Keywords: Atrial fibrillation, miRNAs, expression profile of gene, cardiac myocyte, L-type Ca²⁺ channel

Introduction

Atrial fibrillation (AF) is the most common chronic sustained arrhythmia, of which the occurrence rate increases with age. A sample survey demonstrated that the prevalence of AF in Chinese adults was 0.77%, and in people over 80, the prevalence was 5%~15% [1,2]. AF can aggravate the heart failure, induce ventricular arrhythmia, and increase the risk of stroke and the rate of mortality or disability [3]. However, at present, the mechanism of AF is not fully understood, and the treatment approach is still limited. A lot of hypotheses have been raised to explain the mechanism of the occurrence and maintenance of AF, and the classical theories including multiple-wavelet hypothesis and atrial remodeling (AR) theory. The occurrence of multiple-wavelet was caused by the differences in effective refractive period (ERP) and atrial conduction velocity, which could result in the occurrence of AF. Atrial remodeling includes atrial electrical remodeling (AER) and atrial anatomical remodeling (AAR). AER indicates the shortening of atrial action potential duration (APD), ERP and the decrease of atrial conduction velocity. Changes in structure, function and characteristic of atrial ion channels are thought to be the pivotal mechanism of AER. There are several kinds of Ca²⁺ channels in atrial tissue, in which L-type Ca²⁺ channel plays an important role in regulating the rhythm of atrial and the change in atrial APD [4]. Intracellular calcium overload is regarded as a trigger of atrial remodeling. During the course of AF, calcium overload in atrial myocyte can increase the L-type voltage-dependent calcium channel current (Ica-L), elevate the plateau of action potential (AP), contribute to the intracellular calcium overload, and shorten the wavelength of atrial signal conduction, which can form a vicious circle and result in the occurrence of AF. Atrial fibrosis and the apoptosis of atrial myocytes can contribute to the atrial enlargement, which suggests the occurrence of AER. Conversely, AER can also sustain the progression of AF.

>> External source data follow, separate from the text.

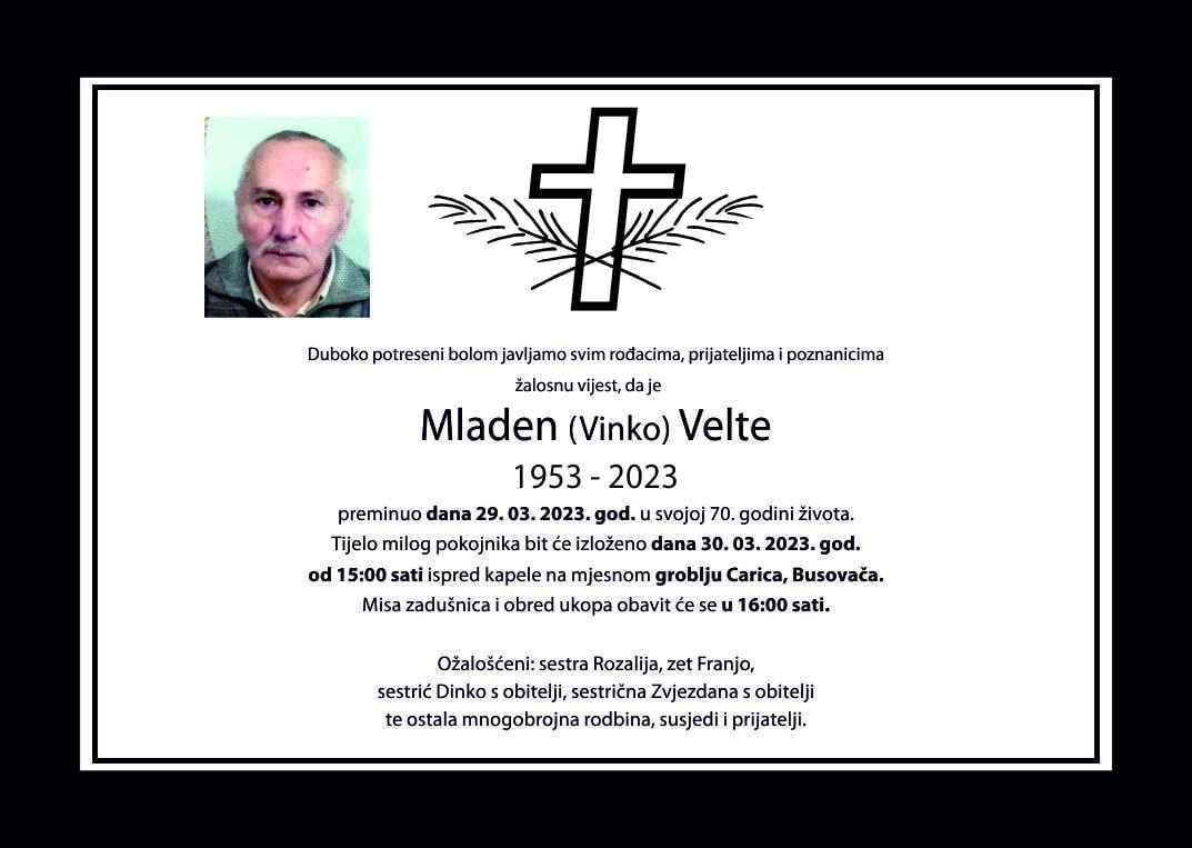 Duboko potreseni bolom javljamo svim rođacima, prijateljima i poznanicima žalosnu vijest, da je Mladen (Vinko) Velte preminuo dana 29. ožujka 2023. godine u 70. godini života.
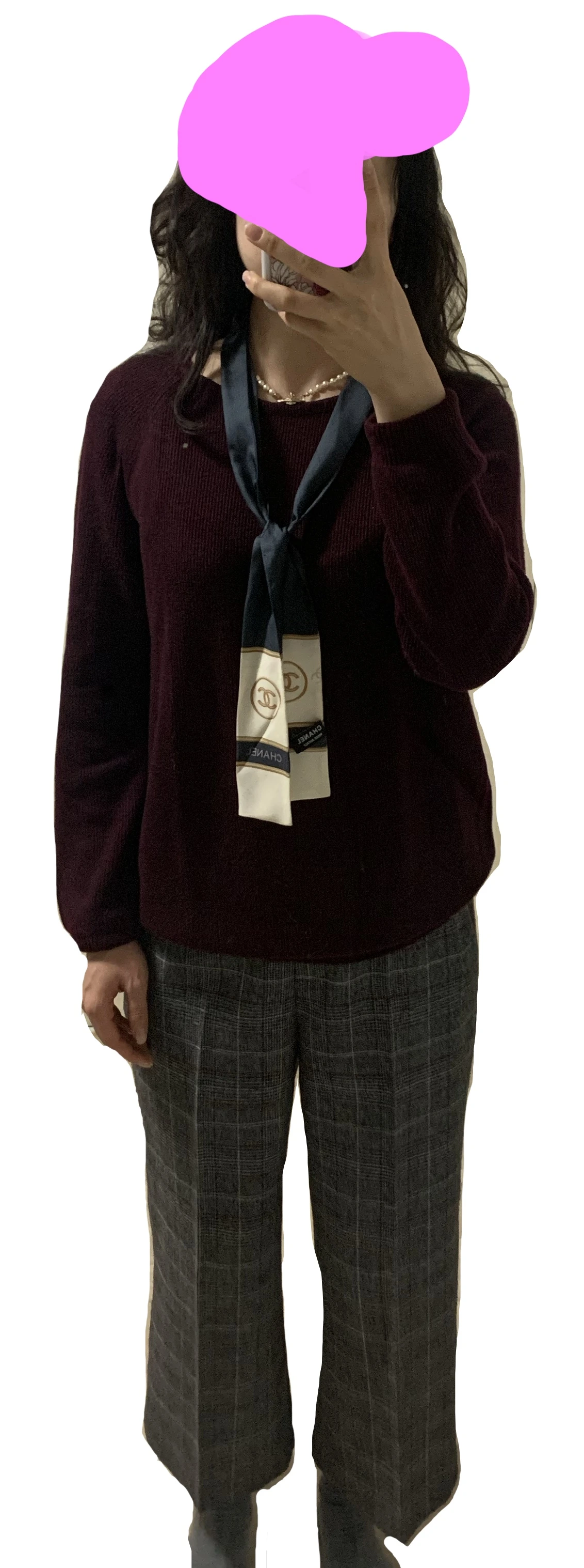 버건디 니트: 2017. 체크바지: 2017. 플리츠: 2021. 목걸이: 2019
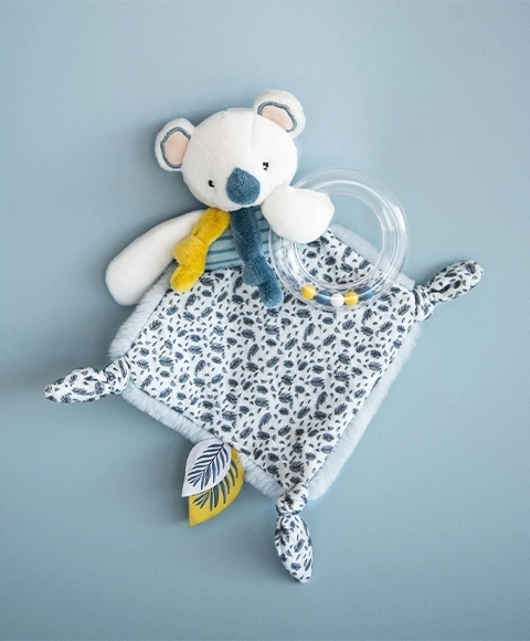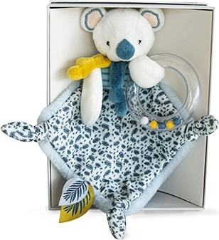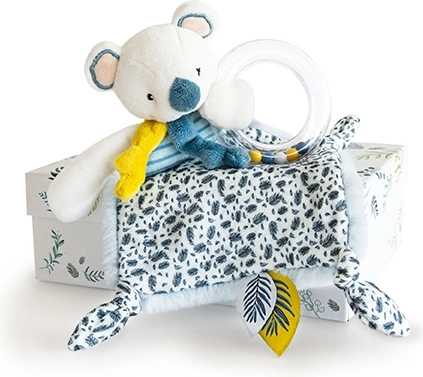 Plišasti komplet Koala Yoca je popolno darilo za novorojenčke, saj nudi mehkobo in udobje z dodatno zabavo zahvaljujoč ropotuljici.
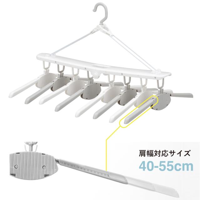 アームは引っ張るだけで40〜55cmの間で幅の調節が可能です。1本ずつ幅を変えられるので、大きめのTシャツからタイトなインナーまで、衣類の形に合わせてご使用いただけます。
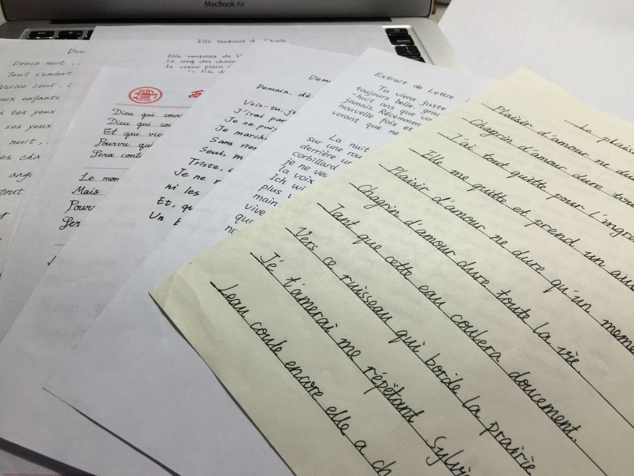 这个比赛带给我的,最多的不是惊喜,而是在准备过程中的感悟。其实英文和法语的书写看似一样,但实际上却大有不同,也是在这条看似重复却又不断发现的路上,我真正感受到了法语学习的乐趣,渐渐探索出了自己的学习方法。
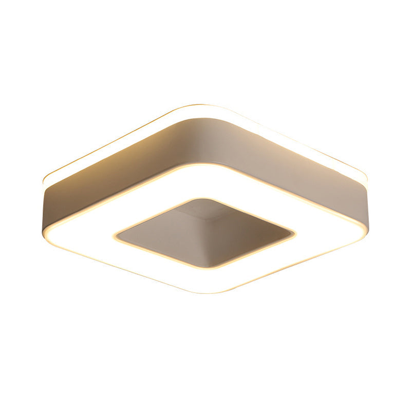 Sleek LED Corridor Ceiling Light with Simple Black/White Flush Mount & Small Square/Round Acrylic Frame, Warm/White Light

MicroRNAs (miRNAs), a kind of endogenous small non-protein-coding RNA, contain 22 nucleotides or so. The expression of target gene is inhibited by the combination of miRNAs and the 3’-untranslated region (3’-UTR) of target RNA, which performs in an incompletely complementary manner [5]. Previous studies reported that AR was partly regulated by miRNAs and some kinds of miRNAs were associated with the regulation of the expression of Ca²⁺ channel gene. However, few researches have been conducted to study the circulating miRNAs in AF patients [6] and further studies are still necessary. In our study, in order to supply more details about the correlation between miRNAs and AF, we analyzed the changes of the expression profiles in AF patients and the effect of AF-related circulating miRNAs on the Ca²⁺ channels.

Subjects and methods

Subjects

During May. 2011 to Apr. 2013, we conducted a cardiovascular survey about the occurrence and risk factors of AF in Chongming County. A total of 18 communities were randomly selected, and necessary information was obtained from local residents whose ages were over 20 years old. A total of 122 AF patients (67 men, 55 women) included 31 paroxysmal AF and 91 persistent AF (including permanent AF) were assigned into observation group. Another 112 non-AF people (67 men, 55 women) were assigned into control group. Patients in both groups were Han nationality and had no kinships between each other. All of them were 1:1 matched according to their age, sex, race, smoking history, urate, CRP, district and concomitant diseases (diabetes, hypertension, coronary heart disease, valve disease) etc.

Experiment animals

A total of 300 SD rats were obtained from shanghai experimental animal center.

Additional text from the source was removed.